Park Rangers -You Should'a Been In Pictures

With the advent of compact video and audio recorders that are now part of most cellular telephones, the public has in many cases become news cameramen.  If their film footage does not reach the level of newsworthiness for the visual image hungry 24 hour media outlets, they can always self-broadcast on services such as YouTube or blogs.  Of course these video clips are like the political sound bites we see every day, they are edited and expanded on to show an often uncomplimentary or partial view.

I used to tell other Park Rangers that whenever in public you should consider yourself to be on camera and to make decisions, act, and talk as if you are.  The intent is not to be false or less efficient but as a reminder to always remain calm, professional, and to do the right thing.

Here are some examples of recent views of Park Rangers placed out in cyberspace for anyone to see.....

Be sure to listen to the audio in this filming of an arrest at Cape Hatteras.  You may note that the producers left out any information as to why the Park Rangers were contacting this suspect.

This public fascination with video recording of Park Rangers in the performance of their duty makes the use of In Car Video and Security Cameras by Rangers exceptionally relevant.  I remember when we first started to purchase car camera units for field Park Rangers on the Blue Ridge Parkway.
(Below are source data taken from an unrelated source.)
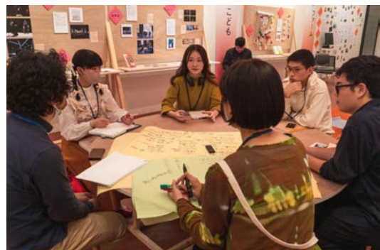
東京芸術祭ファーム 2023 スクール： 学生トークサロン 10月11日(水)、15日(日)、22日(日) 東京芸術劇場 ロワー広場/東京芸術祭ひろば
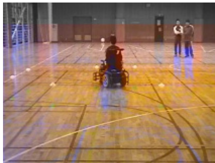
前進→旋回→後進→旋回→前進の動作確認
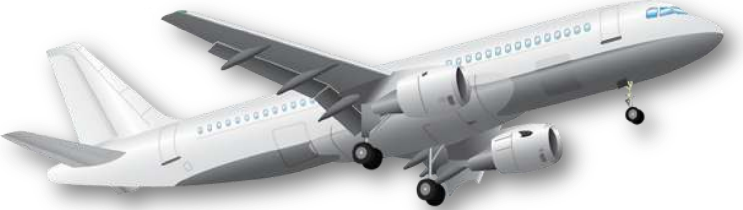
Aeroplane - విమానం
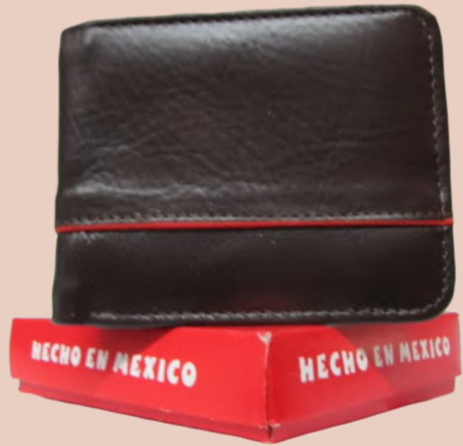
Cartera Piel Caballero línea León Doble Codigo: CHSER05
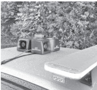
Die mobile Anlage auf dem GVD-Fahrzeug bewährte sich im Test.

Am Donnerstag, 11.9., fand der bundesweite Warntag statt. Gegen 11 Uhr wurde eine Warnmeldung als Push-Benachrichtigung auf die Mobiltelefone ausgespielt. Mit leichter Verzögerung ertönten auch die Sirenen in Remshalden. Diese gaben zunächst einen einminütigen, auf- und abschwellenden Heulton zur Warnung ab. Um 11.45 Uhr folgte dann die Entwarnung mit einem durchgehenden einminütigen Signal. Zusätzlich wurde die mobile Sirenenanlage auf dem Fahrzeug des Gemeindevollzugsdienstes erfolgreich getestet.
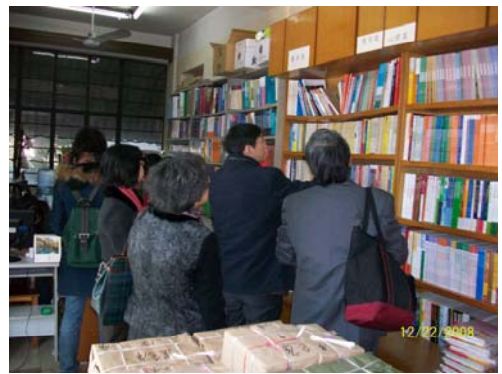
10. 華東師大出版社讀者服務部
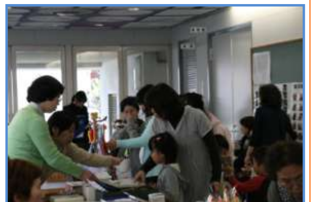
昨年のバザーの一コマ！
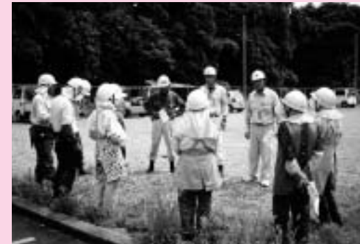
安全保護具着用の徹底を!
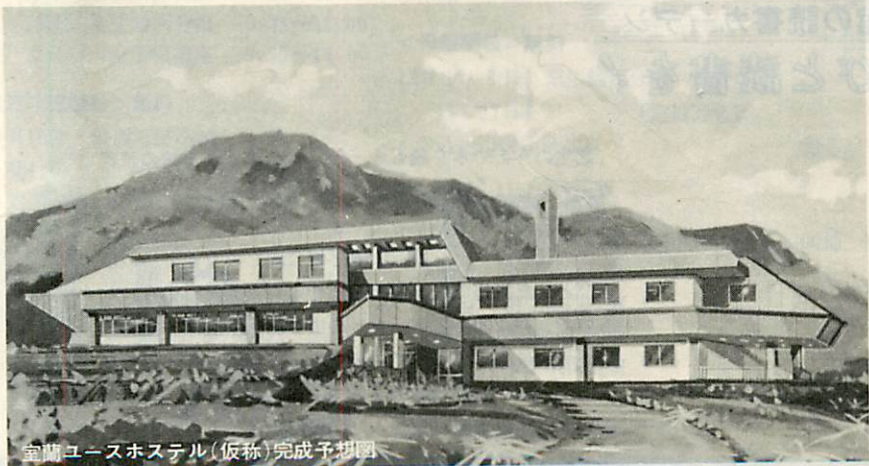
室蘭ユースホステル(仮称)完成予想図

水道故障はどうぞ 水道修理サービス 冬をむかえ、市水道部では、「秋季漏水防止サービス月間」として、つきのとおり修理サービスを行っております。 水道が故障しているご家庭は、早めに申し込みください。 ●期間 11月1日～30日まで ●修理サービス内容 ● 駒かわ、ビス、押ゴム、輪ゴム、パッキン等の取替えは無料 ● 給水栓、給水管の修理は、材料費は実費、労務費は半額をサービスします。 ●申込み先、市水道部工務課 繕係(四一六一七)へどうぞ
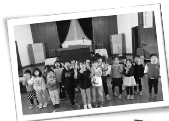
教会でイースターの たまご探しをしました！ (5歳児)

The initial resistance to have them installed was predictable.  Once the video recordings were applied to answering frivolous complaints and to substantiate reasonable suspicion for stopping vehicles, the application of cameras became part of the everyday operations of Park Rangers.  It got to the point that when I received a letter or telephone call complaint about how a person we treated by a Ranger, all I had to do was say that I would review the video and in almost every case the plaintiff withdrew their accusation.

The use of In Car Cameras also served as a valuable tool of self-evaluation for Park Rangers to improve on their officer safety and information gathering skills.

So whether it is a by stander to an incident or their own equipment, National Park Rangers are becoming screen stars.  My advice is to keep this information in the back of your mind and use that thought to your advantage remaining professional and focused.  Get used to being filmed and do not let the presence of cameras intimidate your decision making processes.